Villares remata de cabeza en el gol que anotó el domingo contra Osasuna Promesas. / Iago López

El próximo mes de enero se cumplirán tres años desde que Diego Villares (Vilalba, 1996) dio el salto al primer equipo del Deportivo en unas circunstancias muy particulares. El máximo accionista (Abanca) había decidido limitar el gasto en el mercado de invierno y el club decidió promocionarlo desde el Fabril junto a Rayco. El domingo alcanzó los 100 partidos oficiales con la camiseta blanquiazul convertido en una de las referencias del equipo.
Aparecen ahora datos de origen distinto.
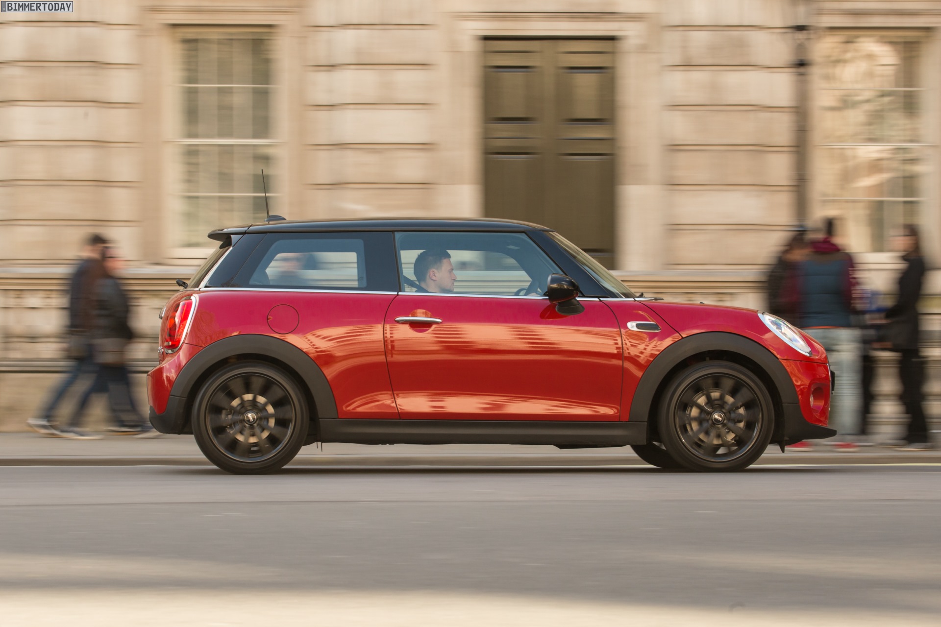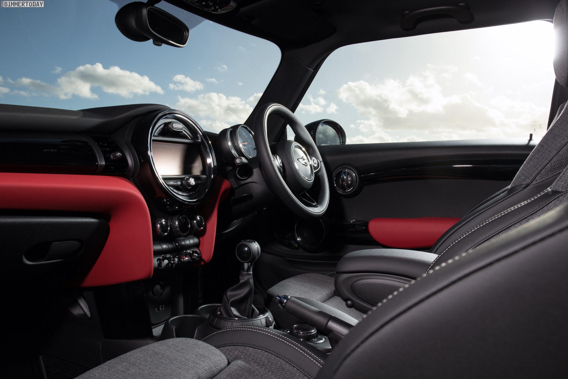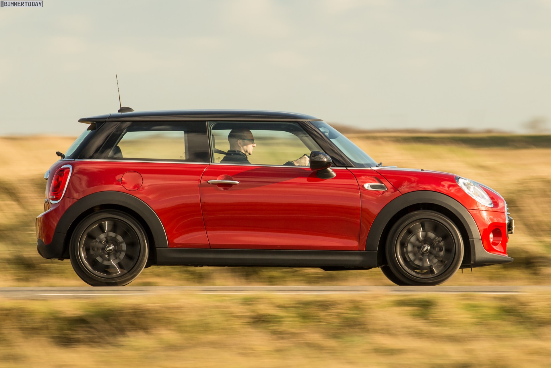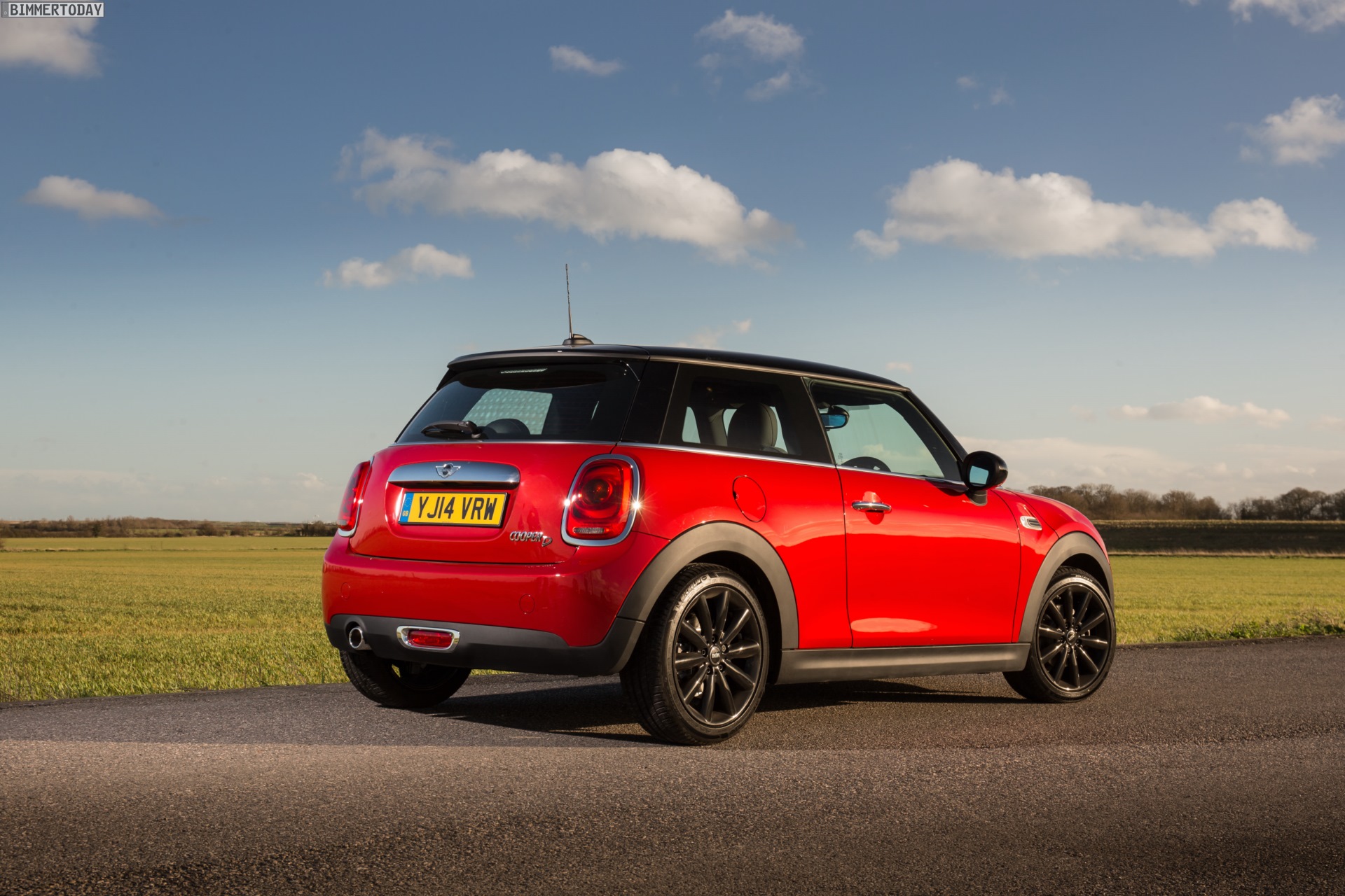 MINI Cooper D F56 in Blazing Red mit Dach und Felgen in Schwarz:
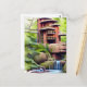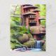 A F.L. Wright inspired prairie style architectural treehouse - AI generated watercolor digital art postcard.

Atrás quedan ya sus temporadas en filial, con cesión incluida en el Racing Vilalbés, conjunto en el que se formó desde bien pequeño.
Futbolista de esos que se suelen catalogar como de maduración tardía, alcanzó la primera plantilla meses después de que incluso se pusiera en cuestión su continuidad en el club. “Le costó llegar por lo que pasa muchas veces en el fútbol”, expone Simón Lamas, entrenador del Racing Vilalbés, que lo tuvo a sus órdenes en el juvenil del club chairego y más tarde cuando regresó cedido desde el Fabril. “Cuando las cosas no van bien se suele apostar por jugadores de más experiencia y probablemente las circunstancias en aquel momento le permitieron tener esa oportunidad. A lo mejor ahora estaríamos hablando de otro caso y el Dépor hubiera perdido un gran futbolista”, añade sobre su salto al primer equipo blanquiazul.
Villares debutaría de la mano de Rubén de la Barrera en febrero de 2021 en una visita al Coruxo resuelta con una derrota humillante (2-0) y con el club sumido en una grave crisis deportiva e institucional que más tarde desembocaría en el relevo de la directiva que encabezaba Fernando Vidal. La siguiente semana sería titular contra el Guijuelo y desde entonces ya no saldría del equipo titular.
Porque si algo ha marcado la trayectoria de Villares en el Deportivo en estos años es que ha contado siempre con la confianza de los entrenadores que han pasado por el club, y no han sido pocos desde que alcanzó el primer equipo. Ha sido además un recurso para todo tipo de situaciones, incluidas las que le han llevado a ocupar posiciones como el lateral derecho. “Tiene una humildad grandísima y pone por delante al equipo de su ego personal, eso hoy en día no muy habitual. Es capaz de adaptarse a lo que le piden los entrenadores. Yo lo viví aquí [en el Racing] sin ningún problema. La inteligencia que tiene a nivel táctico le permite adaptarse, que a otros no se lo permitiría. Eso tiene un valor incalculable y en lo que nos tenemos que fijar es que todos los entrenadores que han pasado por el Deportivo han contado con él. Es un jugador fundamental. A eso le tenemos que dar mucho valor”, insiste Simón Lamas.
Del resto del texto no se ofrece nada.